Enquire nowLog in

30 September 2024

Interviews

Solutions Architect: Derek Ngo on scaling efficiency goals

At Sustainable Metal Cloud, we continuously push the boundaries of technology, to set new goals for ourselves. One of our standout achievements this year was the release of a world-first power benchmark, certified by MLPerf, which highlights our leadership in power efficiency and sustainability. Our platform not only performed on par with or exceeded the performance of competing clusters but also achieved up to 45% energy savings, using the NVIDIA SuperPOD reference architecture. A key contributor to this milestone was Derek Ngo, our Solutions Architect, who played a crucial role in delivering these exceptional MLPerf results.

Considering your past work experience, what would you say has prepared you for the challenges of optimising AI infrastructure at scale?

When it comes to AI, GPUs are often the first thing that comes to mind. While GPUs are indeed crucial for powering AI, the supporting infrastructure, such as networking, storage and security, is equally important for an optimal setup. It is critical to develop a solution that allows various components to work cohesively to achieve maximum performance and efficiency. Thankfully, my experience over the years has placed me in a good position to address many of the challenges with large scale AI deployments. The ability to balance high-performance GPU setups with the necessary networking and storage optimisations has allowed me to deliver solutions that meet both performance and sustainability goals.

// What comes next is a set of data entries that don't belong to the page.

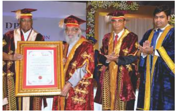
Conferring the degree of Doctor of Letters ( Honoris Causa ) on Shri. B. M. alias Babasaheb Purandare , Eminent Historian and play-writer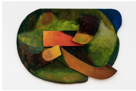
2B Van Gogh and then Murray , 2023 cardboard, resin, paints, pigments, bolts , 190x110x10cm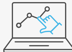
ELECTRONIC CLINICIAN RATINGS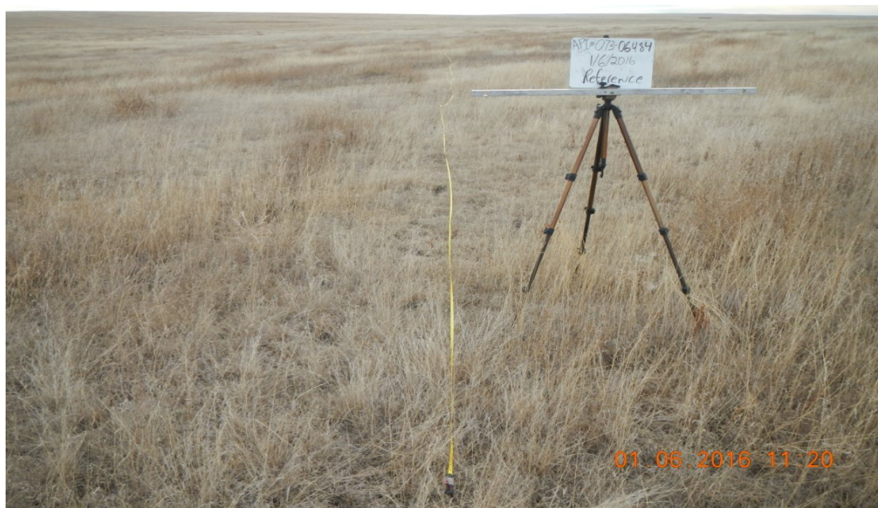
photo 6: Beginning of the vegetation transect facing southeast at reference area.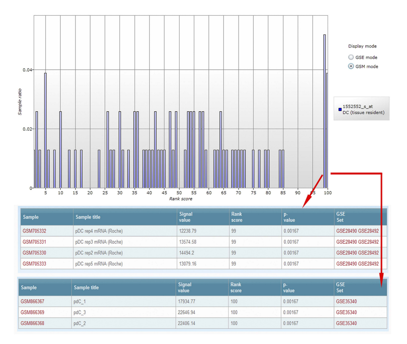
Figure 3. Electronic sorting of DCs with CLEC4C-bright expression. Top histogram indicates the expression profile of human CLEC4C in tissue resident DCs. Middle and bottom panels show cells (or GSM samples) with rank scores of 99 and 100, respectively.

the high or low expression states observed during electronic sorting may be due to either changes in gene regulation (or expressional plasticity) within a given cell type or changes in the relative abundance of different cell types. Electronic sorting does not resolve the contribution of different cell types to the global gene expression level in a mixed cell population. Expression deconvolution methods, such as CellMix<sup>22</sup>, can address this problem to some extent. However, computational deconvolution relies on marker gene expression of multiple cell types. We have established effective methods to evaluate quantitative biomarkers for human and mouse immune cells. This will no doubt contribute to deconvolution analysis.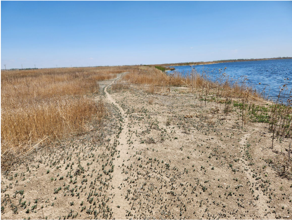
Photo 11. Bare patch along the northernmost shoreline, facing east.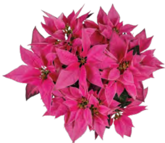
J'Adore Dark Pink 10154 | 7.5 weeks

J'Adore is a series of interspecific euphorbia hybrids for dynamic, modern-day holiday décor. These varieties give your program a touch of luxe with layers of velvety bracts in pastel pink and rich touchable textures. The versatility of J'Adore varieties allows us to lean on these performers from the early season, all the way through New Year's promotions, for an elegant and glamorous program.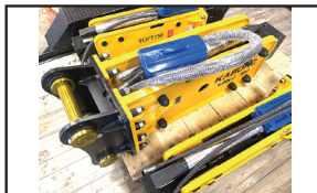
TOFT HYDRAULIC HAMMERS. Brand New, Three Available, Fits Caterpillar 312, 307, & 304 Size Machines $5,000.-$8,500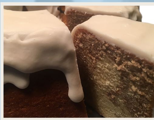
POPULAR HOLIDAY FLAVOR MADE WITH A SWIRL OF SPICED AND SOUR CREAM POUND CAKE BATTERS. TOPPED WITH OUR RUM FUDGE GLAZE.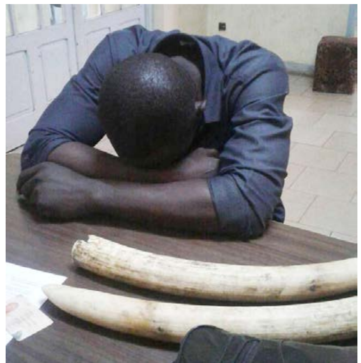
2 ivory traffickers arrested with 2 elephant tusks

Drawing from your experience in systems engineering, what innovations have you been able to implement or have been implemented at SMC to optimise GPU performance and sustainability, especially for large-scale deployments?

At SMC, we are fortunate to have a team of specialists who bring deep expertise across multiple areas—GPUs, networking, storage, and security. As the size of each deployment increases, so does its complexity. Having experts with deep knowledge of these various areas is great in the long run when we’re developing optimal solutions for immediate requirements while ensuring flexibility for easy scalability in future.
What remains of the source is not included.